[SUPPLIED MATERIAL]

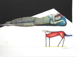 Liegende mit rotem Hund
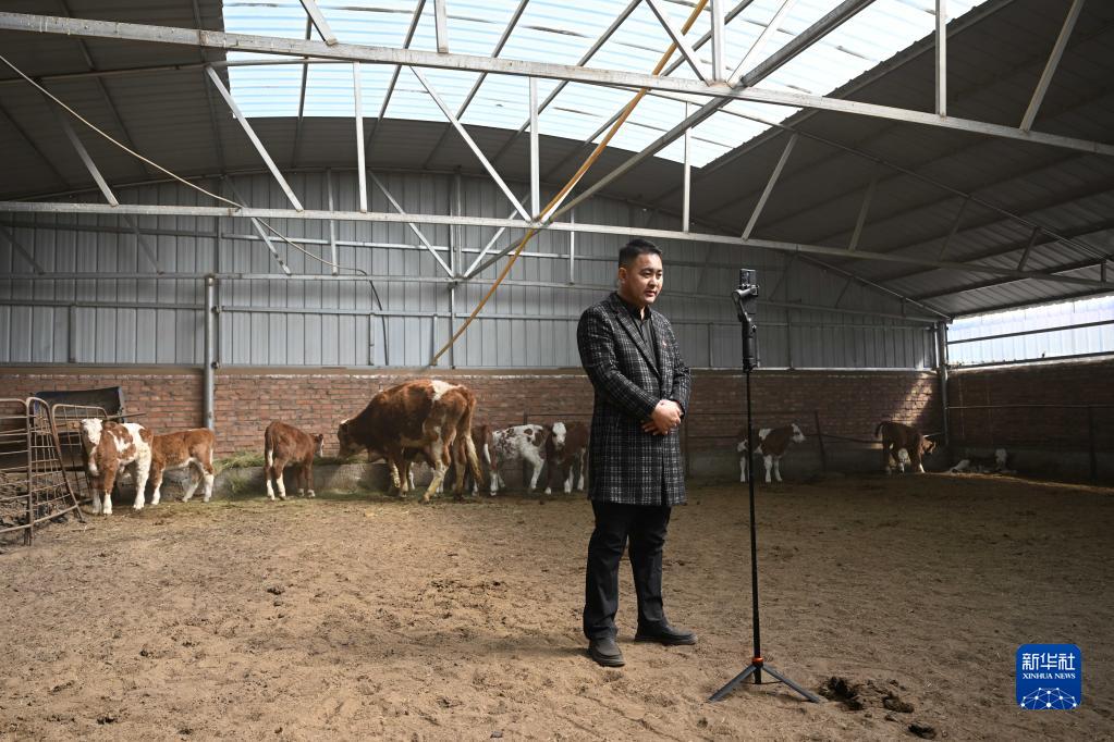 3月28日,嘎查黨支部書(shū)記寶音賀希格在巴彥額日和圖嘎查集體所有的牛棚內直播。
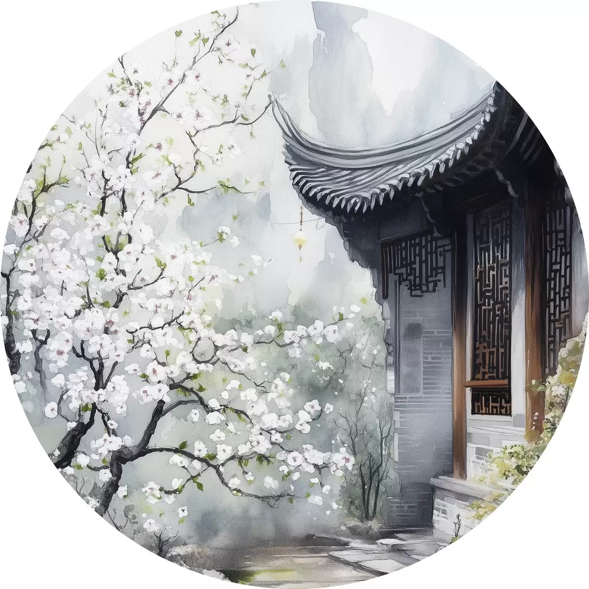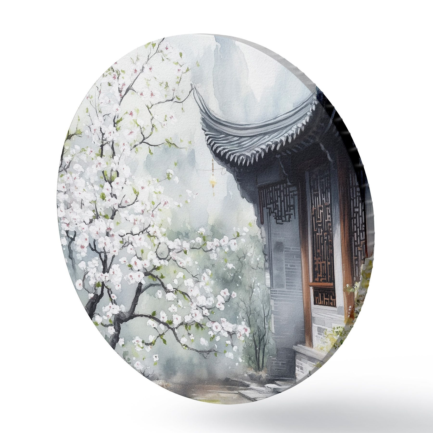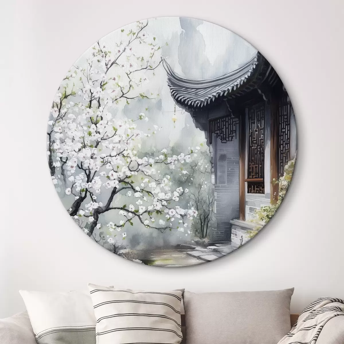 Cuadros redondos Jardín japonés con cerezo y casa, estilo oriental, acuarela r44309
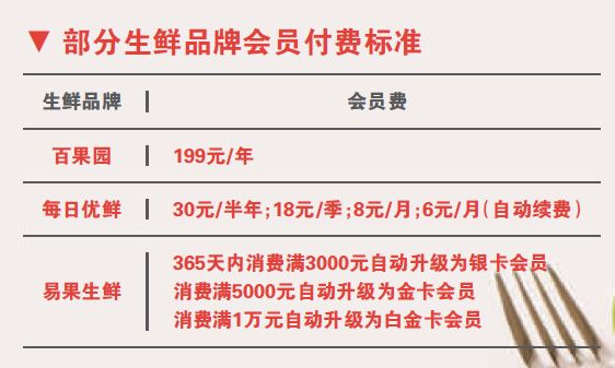 实际上,百果园付费会员的玩法,在实体生鲜连锁品牌中尚属先例,但在整个生鲜电商领域并不乏“尝鲜者”。易果生鲜的会员付费标准为,365天内消费满3000元、5000元和1万元而自动升级为银卡会员、金卡会员和白金卡会员。
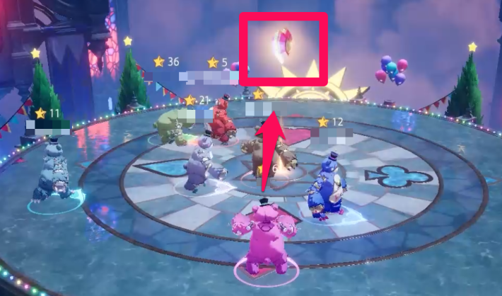 舞台中央に出現するハートを獲得しましょう。特殊なモーションに入り、近くの他のプレイヤーを一掃することができます。
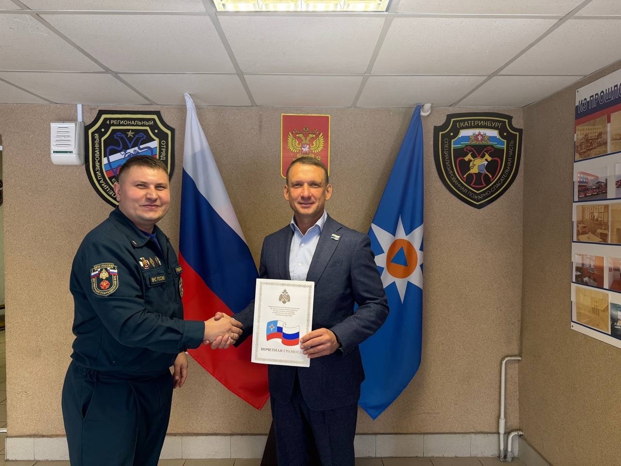 Координатор Свердловского регионального отделения ЛДПР Александр Каптюг с рабочим визитом посетил пожарно-спасательную часть ФПС ГПС Главного управления МЧС России по Свердловской области

[/SUPPLIED MATERIAL]

§ TASK DIRECTIONS
Please copy the data above character for character, skipping any pictures.

§ ANSWER SPACE
 Liegende mit rotem Hund
 3月28日,嘎查黨支部書(shū)記寶音賀希格在巴彥額日和圖嘎查集體所有的牛棚內直播。
 Cuadros redondos Jardín japonés con cerezo y casa, estilo oriental, acuarela r44309
 实际上,百果园付费会员的玩法,在实体生鲜连锁品牌中尚属先例,但在整个生鲜电商领域并不乏“尝鲜者”。易果生鲜的会员付费标准为,365天内消费满3000元、5000元和1万元而自动升级为银卡会员、金卡会员和白金卡会员。
 舞台中央に出現するハートを獲得しましょう。特殊なモーションに入り、近くの他のプレイヤーを一掃することができます。
 Координатор Свердловского регионального отделения ЛДПР Александр Каптюг с рабочим визитом посетил пожарно-спасательную часть ФПС ГПС Главного управления МЧС России по Свердловской области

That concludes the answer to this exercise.